Power steering rack and pinion
The power rack and pinion steering system has a rotary control valve that directs hydraulic fluid from the hydraulic pump to one side or the other of the rack plunger. One-piece rail plunger is connected to the rail. The rack plunger converts hydraulic pressure into a linear force that moves the rack left or right. Further, this force is transmitted through the tie rods to the steering knuckles, which turn the wheels.
If the power steering is not functioning, the rack and pinion steering mechanism is mechanically controlled, however, in this case, more steering effort will be required. The rotation of the steering wheel is transmitted to the gear. The rotational motion of the pinion is transmitted to the pinion worm, the threads of which mesh with the teeth of the rack, thus causing the rack to move linearly.
A vane-type hydraulic pump provides pressure for both steering systems.
Power steering providing variable speed-dependent power steering
In a power steering system that provides variable speed-dependent power steering, (SSPS) changes the effort of the driver, which is required to turn the steering wheel when the speed of the car changes. At low speeds, the system provides maximum power for easier turning and parking maneuvers. At high speed, the steering gain is reduced to provide firmer control and improved directional stability. The SSPS performs this task by regulating the current (-3~3A), supplied to the winding of the electromagnet included in the equipment of the electric power steering mechanism, as the vehicle speed increases. When the vehicle is stationary, the SSPS provides maximum steering assistance to the steering. As the speed of the vehicle increases, the steering gain of the steering gear decreases.
Controller
The SSPS controller processes vehicle speed information from the ABS controller to the solenoid coil located on the electric power steering assembly.

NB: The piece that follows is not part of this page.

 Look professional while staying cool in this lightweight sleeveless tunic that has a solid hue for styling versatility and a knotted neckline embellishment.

Power steering rack and pinion
Except for the difference in valve processing, the design of the rack and pinion steering gear with SSPS is similar to the design of the steering gear without SSPS. The rotation of the steering wheel is transmitted to the gear through the intermediate shaft. The pinion moves the rack left or right by meshing the teeth of the gear and rack. This force is then transmitted through the tie rods and steering knuckles to the steered wheels.
The power rack and pinion steering system has a rotary control valve that directs hydraulic fluid from the hydraulic pump to one side or the other of the rack plunger. A plunger connected to the rack converts hydraulic pressure into moving the rack to the left or right. The rotary control valve adjusts the gain in response to driver torque.

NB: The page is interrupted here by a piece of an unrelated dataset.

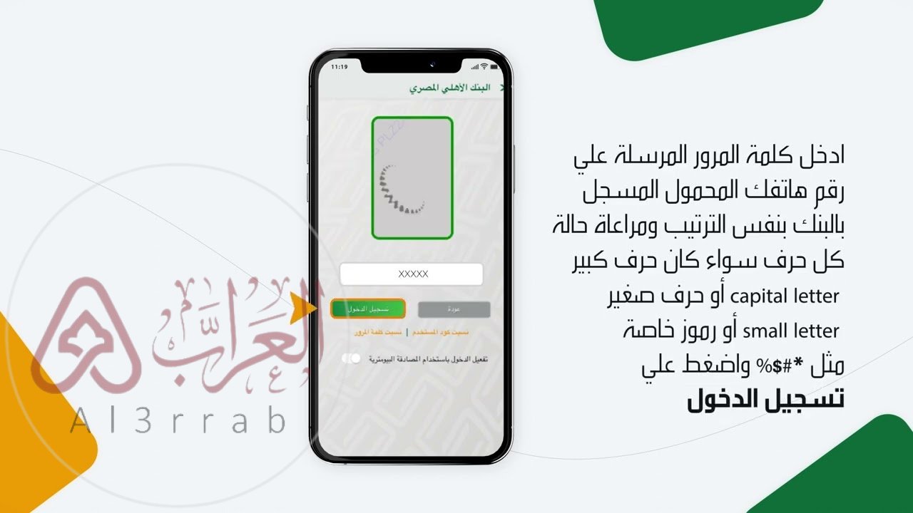 • رقم بطاقة الأهلي الصراف الآلي وكلمة المرور.

If the hydraulic booster does not function, the mechanical control works. However, in this case, more significant steering effort will be required.
Power Steering Pump
Standard vane-type hydraulic pump providing hydraulic pressure to the system.
System operation
The system starts with an input signal from the vehicle speed sensor through the ABS controller to the SSPS controller. The SSPS controller sends a signal to the SSPS actuator to change the level of reactive force produced by the solenoid winding.
Circuit operation
The SSPS system uses the input signals from the ABS controller to the SSPS controller, setting the required amount of force applied from the electric power steering mechanism.
The SSPS controller continuously compares the amount of current flowing through the SSPS drive with its calculated value. The SSPS actuator has an electromagnet winding that can control the reactive force applied to the steering torsion bar. The SSPS controller can change the amount of current flowing through the SSPS drive by changing the output duty cycle.
The SSPS controller can detect faults in itself, the SSPS drive, or the circuits of such components. The detection of any malfunction causes the steering gain to remain at its highest level at all times as the needle assumes its normally extended position at all speeds.
When the system is operating normally, steering gain is reduced as speed increases, providing the driver with a better sense of the road and improved directional stability.